On Tuesday evening and Wednesday morning, all three broadcast news networks and the two largest Spanish language evening network newscasts refused to cover disturbing news regarding ObamaCare. Two audits from the Health and Human Services Department’s Inspector General found Tuesday that 2.6 million unresolved problems in the applications of those seeking health care on the federal marketplace (used in 36 states).
While the news media are conducting a blackout on this troubling news about Obamacare, the networks gave plenty of coverage to President Obama’s so-called ‘victory-lap’ in April when the number of those ostensibly enrolled hit eight million people and weeks earlier when the deadline to receive initial coverage passed.

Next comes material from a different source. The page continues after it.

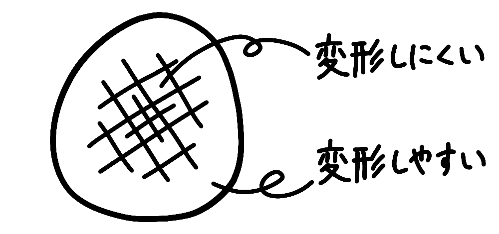 この変形しにくさの偏りは、基本的にはどんな状態でも表れます。

According to an editorial in Wednesday’s Investor’s Business Daily, these audits cast into doubt the true number of enrollees as the government neglected to check the validity of applicants Social Security numbers, U.S. citizenship or legal status or if any information was entered in error. The inability of governments at the federal level and in two states left taxpayers prone to fraud, abuse, and overpayments. The editorial concluded that:
If ObamaCare were a private comapny, you can bet its executives would be facing criminal charges. Instead, Obama and the press are cheering ObamaCare as a great success.
ABC’s World News with Diane Sawyer, CBS Evening News with Scott Pelley, and NBC Nightly News With Brian Williams all refused to cover the news, but had air time to show a video of Mick Jagger joking about other famous Brits his age, corruption in China, and a viral video of two brothers singing about their native Canada respectively. In addition, the evening newscasts on the two largest Spanish language networks, Univision’s Noticiero Univision and Telemundo’s Noticiero Telemundo, completely ignored the story as well. Noticiero Telemundo was able to report though on the growing significance of cell phones in people’s lives.

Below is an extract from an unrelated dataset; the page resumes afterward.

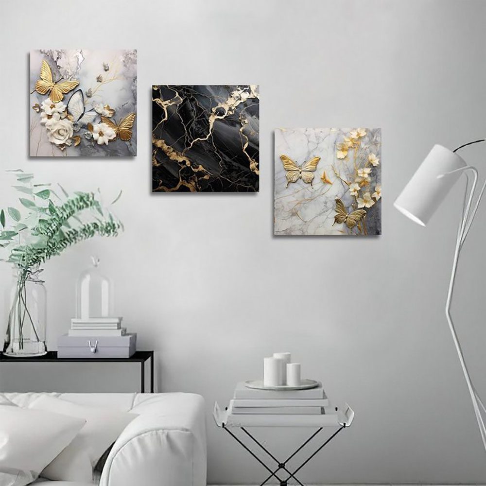 تابلو شاسی 3 تکه طرح رزین گل و پروانه طلایی کد 94696

On Wednesday morning, it was the same, sad story with no coverage. ABC’s Good Morning America and NBC’s Today did find time at the conclusion of their news briefs to show video of a black bear that had to be rescued after its face stuck inside a jar.
To the credit of The New York Times and The Washington Post, both newspapers published lengthy articles on the audits. However, both papers buried the stories on pages A17 and A11, respectively.

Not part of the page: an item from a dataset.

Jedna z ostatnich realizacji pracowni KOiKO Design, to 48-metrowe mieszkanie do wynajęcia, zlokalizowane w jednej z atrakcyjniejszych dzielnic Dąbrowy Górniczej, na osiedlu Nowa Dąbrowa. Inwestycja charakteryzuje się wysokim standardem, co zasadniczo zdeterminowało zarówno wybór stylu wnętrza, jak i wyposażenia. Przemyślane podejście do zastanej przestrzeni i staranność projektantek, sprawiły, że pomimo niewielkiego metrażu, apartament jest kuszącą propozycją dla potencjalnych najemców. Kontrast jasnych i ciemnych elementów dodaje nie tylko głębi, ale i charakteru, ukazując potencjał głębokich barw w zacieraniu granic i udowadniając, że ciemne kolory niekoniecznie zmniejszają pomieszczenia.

As the Media Research Center’s Rich Noyes reported, back in April the networks gave plenty of coverage to President Obama's so called "victory-lap" when the number of those ostensibly enrolled hit eight million people and weeks earlier when the deadline to receive initial coverage passed.
David Muir of ABC News hailed it as a “major milestone” while CBS’s Scott Pelley called it a “recent success.” The networks went so far out of their way to support the president that ABC’s Good Morning America reported misleading facts on the state of health care sign-ups.
According to Newsbusters contributor Tom Blumer, the website Politico ran a gushing headline the day on a pro-Obamacare piece entitled “Obama Spikes the Football.” ABC News brought on Republican consultant Matthew Dowd during a special report on April 1 on Obamacare to inform Republicans that they “would be really smart” to allow President Obama to declare victory on the issue and abandon efforts to repeal the law and to “admit reality and move on.”
One of the new audits, which examined both the federal and state-run marketplaces, stated that the Center for Medicare and Medicaid Services (CMS) was only able to confirm the citizenship and residency statuses of less than one percent of applicants. The New York Times reported one of the audits finding that infants and young children were labeled, in some situations, as incarcerated.
The issues were due to a “not fully operational” system to automatically screen applicant’s availability. The Washington Times reported that the audits found problems on the federal marketplace confirming applicant’s Social Security numbers, citizenship verification on the California marketplace, and determining which applicants sought information over the phone on Connecticut’s exchange. These issues, one of the audits said, “may have limited the marketplaces’ ability to prevent the use of inaccurate or fraudulent information.”